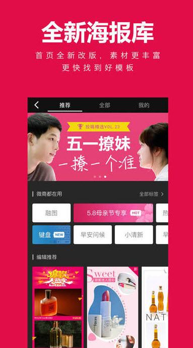 天天向商app是时下最火的微商美颜修图神器,一款功能强大的手机软件!从批量全屏水印到海报广告模板应用,满足微信业务的所有绘图需求。如果你也是微商,还在为美图发愁,快来试试这款软件吧!
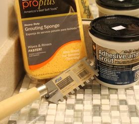 Here are the supplies that I used. The most key thing is the adhesive and grout in one, which is available at any hardware store.
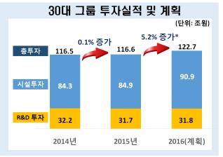 삼성그룹은 평택 반도체단지 건설에 15조6000억원을 투자한다. 이를 위해 지난해부터 2018년까지 1단계로 15조6000억원이 집행된다. 현대차그룹도 같은 기간 친환경 및 스마트 차량 개발에 2018년까지 13조3000억원을 투자한다.
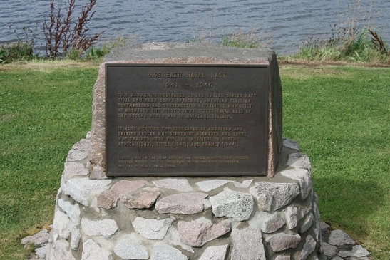 ROSNEATH NAVAL BASE/ 1941 - 1945/ THIS MARKER IS DEDICATED TO THE UNITED STATES NAVY CIVIL ENGINEER CORPS/ OFFICERS, AMERICAN CIVILIAN CONTRACTORS AND CONSTRUCTION BATTALIONS/ WHO BUILT AT ROSNEATH THE FIRST UNITED STATES NAVAL BASE OF WORLD WAR/ TWO IN MAINLAND BRITAIN/ IT ALSO HONOURS THE THOUSANDS OF AMERICAN AND BRITISH FORCES WHO/ SERVED AT ROSNEATH AND THOSE WHO TRAINED AT ROSNEATH AND THOSE WHO TRAINED HERE FOR THE INVASIONS OF/ NORTH AFRICA (1942), SICILY (1943) AND FRANCE (1944) PLACED HERE IN THE YEAR 200 BY THE UNITED KINGDOM STATE SOCIETY,/ NATIONAL SOCIETY OF THE DAUGHTERS OF THE AMERICAN REVOLUTION,/ AND THE ROSNEATH ANVIL TRUST.
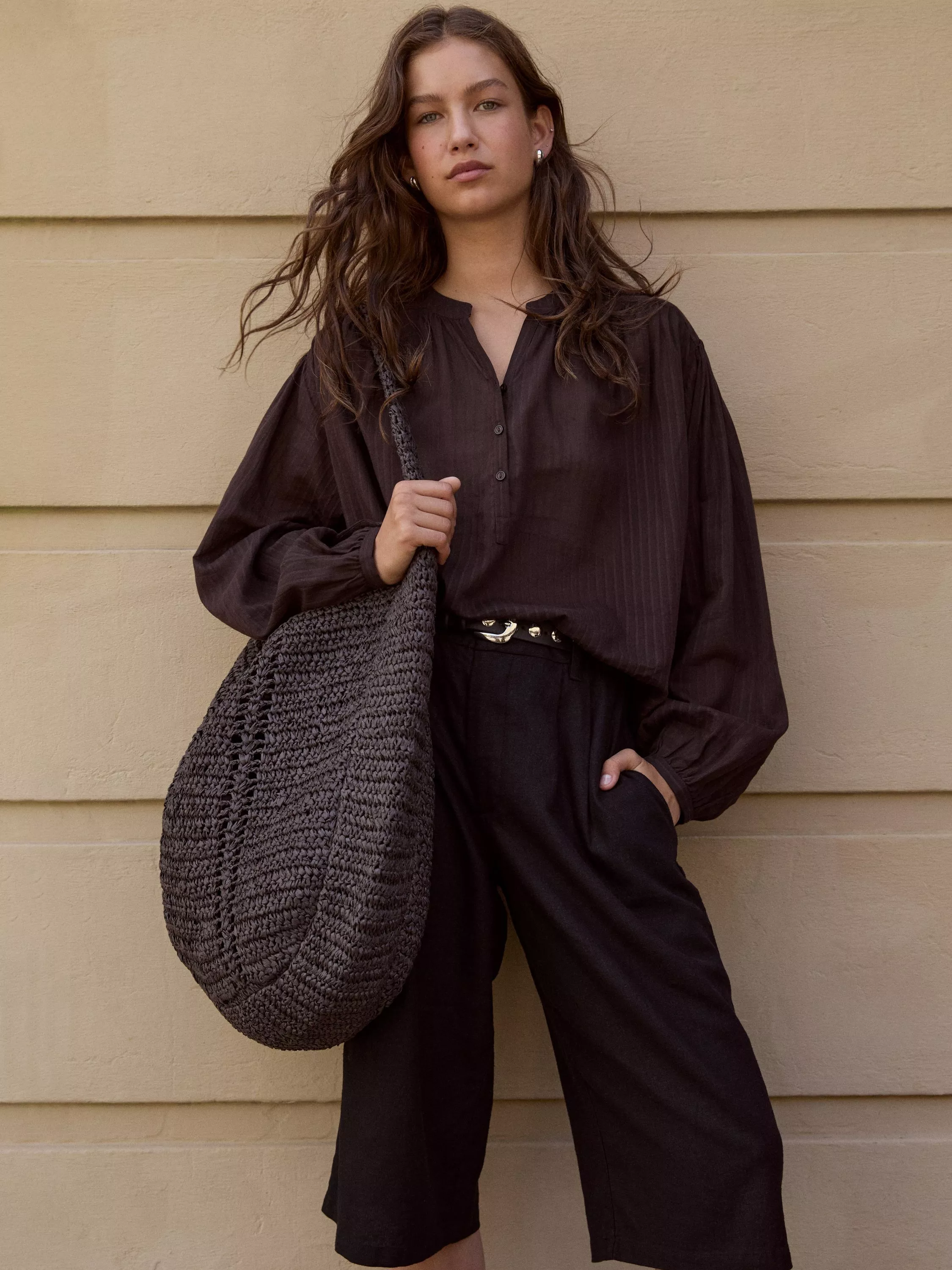 Pleated Bermuda shorts in a soft linen-viscose blend so they're drapey rather than crunchy. Tuck a simple tank top into the waistband to show off all that detail, and the cropped length makes them perfect for this time of year.

++++

Work instruction
An exact copy of all the records, free of pictures, is the expected answer.

Reply
 天天向商app是时下最火的微商美颜修图神器,一款功能强大的手机软件!从批量全屏水印到海报广告模板应用,满足微信业务的所有绘图需求。如果你也是微商,还在为美图发愁,快来试试这款软件吧!
 Here are the supplies that I used. The most key thing is the adhesive and grout in one, which is available at any hardware store.
 삼성그룹은 평택 반도체단지 건설에 15조6000억원을 투자한다. 이를 위해 지난해부터 2018년까지 1단계로 15조6000억원이 집행된다. 현대차그룹도 같은 기간 친환경 및 스마트 차량 개발에 2018년까지 13조3000억원을 투자한다.
 ROSNEATH NAVAL BASE/ 1941 - 1945/ THIS MARKER IS DEDICATED TO THE UNITED STATES NAVY CIVIL ENGINEER CORPS/ OFFICERS, AMERICAN CIVILIAN CONTRACTORS AND CONSTRUCTION BATTALIONS/ WHO BUILT AT ROSNEATH THE FIRST UNITED STATES NAVAL BASE OF WORLD WAR/ TWO IN MAINLAND BRITAIN/ IT ALSO HONOURS THE THOUSANDS OF AMERICAN AND BRITISH FORCES WHO/ SERVED AT ROSNEATH AND THOSE WHO TRAINED AT ROSNEATH AND THOSE WHO TRAINED HERE FOR THE INVASIONS OF/ NORTH AFRICA (1942), SICILY (1943) AND FRANCE (1944) PLACED HERE IN THE YEAR 200 BY THE UNITED KINGDOM STATE SOCIETY,/ NATIONAL SOCIETY OF THE DAUGHTERS OF THE AMERICAN REVOLUTION,/ AND THE ROSNEATH ANVIL TRUST.
 Pleated Bermuda shorts in a soft linen-viscose blend so they're drapey rather than crunchy. Tuck a simple tank top into the waistband to show off all that detail, and the cropped length makes them perfect for this time of year.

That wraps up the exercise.